Balfour Beatty has revealed plans to purchase no less than £100million of its shares in 2022 after buying back £150million this year.

The infrastructure giant intends to commence the buyback after it publishes its full-year results next March when it expects to announce full-year revenues to be roughly double the £4.2billion it made in the first half.

Its latest trading update also said Balfour Beatty expects to have an order book of around £15.5billion at the end of the year on the back of gaining multiple new contracts in recent months.

Order book: Balfour Beatty's latest trading update published today said it expects to have an order book of around £15.5billion at the end of the year

Order book: Balfour Beatty’s latest trading update published today said it expects to have an order book of around £15.5billion at the end of the year

These have included two won by its joint venture subsidiary Gammon worth £600million, which will see it construct four residential towers in Hong Kong and design and build a station on Singapore’s Mass Transit Line.

Other projects won by the company include two in Texas worth around $200million and one in the mid-Atlantic, taking the volume of tendering at its US construction arm back to pre-pandemic levels.

In the UK, the group acquired an £85million contract to engineer new overhead lines to help deliver renewable energy in the West of Scotland, as well as a long-term deal for work at the Sellafield nuclear power site.

Balfour Beatty added that it was making good progress at its numerous Central London property developments, with one achieving ‘practical completion’ during the fourth quarter and the other two performing in line with expectations.

The firm expects to receive a further boost from the US Infrastructure Investment and Jobs Act, which was signed into law by President Joe Biden last month and authorises $1.2billion in spending, just under half of which is new expenditure.

Among the measures contained in the legislation are $110billion for upgrading roads and bridges, $65billion each for updating the electric grid and widening broadband coverage, and $25billion for improvements to airports. 

Towering success: Balfour Beatty's joint venture arm Gammon won a major contract worth £350million earlier this year to construct four residential towers in Hong Kong

Towering success: Balfour Beatty’s joint venture arm Gammon won a major contract worth £350million earlier this year to construct four residential towers in Hong Kong

Balfour Beatty’s chief executive Leo Quinn said: ‘The group is on track to deliver a 2021 performance in line with pre-pandemic levels.

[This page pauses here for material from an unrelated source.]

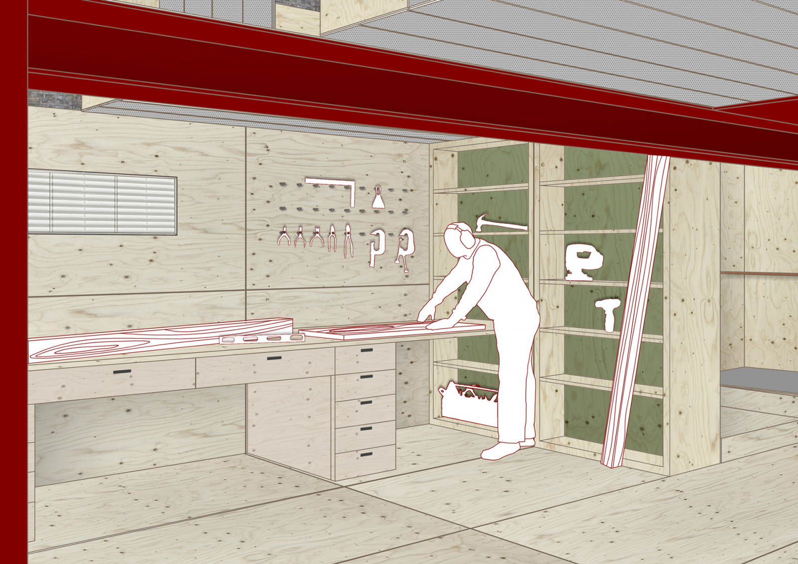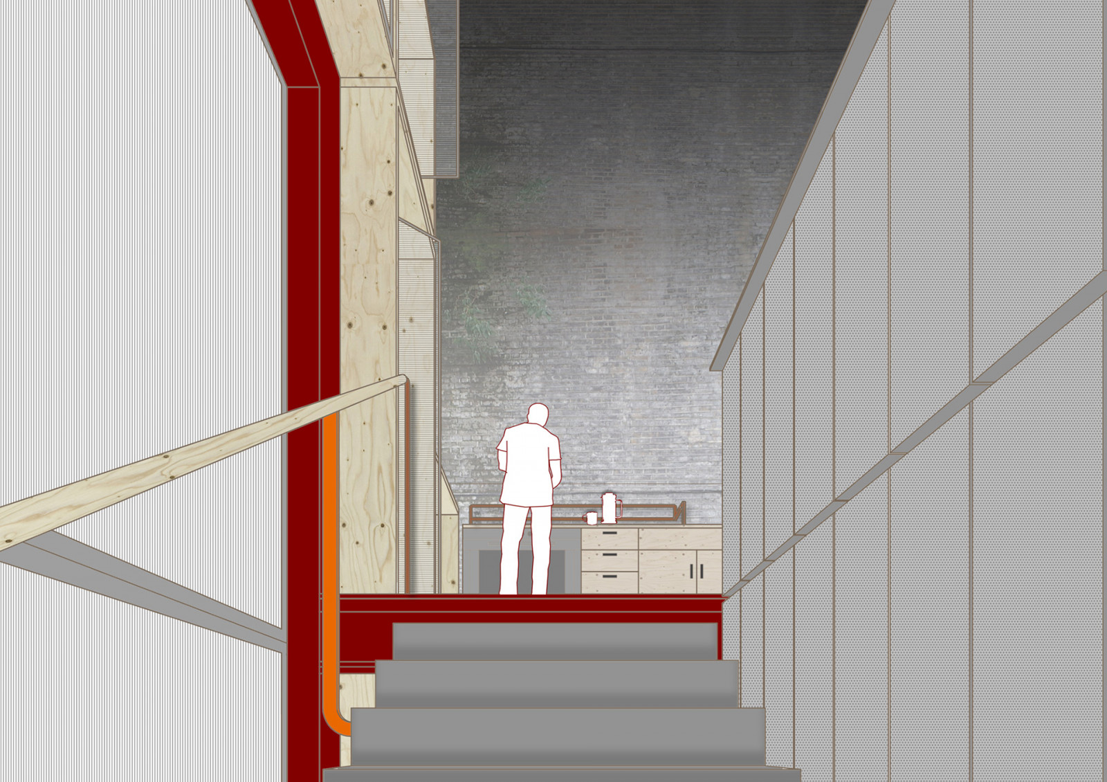 The interior inserts a plywood ‘tray’ to the ground floor to create the barrow repair workshop whilst a metal and plywood mezzanine forms the living space above. Humble, functional and ordinary materials have been thoughtfully detailed and a number of kinetic elements provide extraordinary spatial moments. Inspired by the moveable nature of the market barrows both storage cabinets and façade panels move to reconfigure the interior whilst the mezzanine can be positioned to the inside or slide outside to enable ‘John’ to enjoy a balcony view of the new market place at the end of a long working day.

Looking to 2022, the group has a high-quality order book.

‘We are strongly positioned in three geographies where fiscal expansion, green infrastructure growth and, in the US, public-private partnerships all play to our unique engineering capability. We remain confident of capitalising on these factors to drive superior returns.’ 

Despite the optimistic update, the business is still under investigation by the US Department of Justice (DoJ) into actions by its subsidiary, military housing landlord Balfour Beatty Communities.

Two employees plead guilty in June to fraud for falsifying maintenance records in order to secure bonus payments for the group while covering up poor quality housing at a number of Air Force bases.

The probe was prompted by Reuters reports that discovered some homes built by the company had experienced major problems ranging from asbestos to severe mold, raw sewage backups and burst plastic water lines.

Balfour Beatty told the news agency that it never permitted the manipulation of maintenance logs and had implemented internal reforms to ensure the practice does not happen again.

It said today that its own probe into the matter ‘has completed, and all findings have been shared with the DoJ’. 

‘The group, through its external counsel, is actively working to resolve this matter in a timely manner,’ the firm added.

Shares in the FTSE 250 company were up 2.7 per cent to 253.8p at 10:30am today.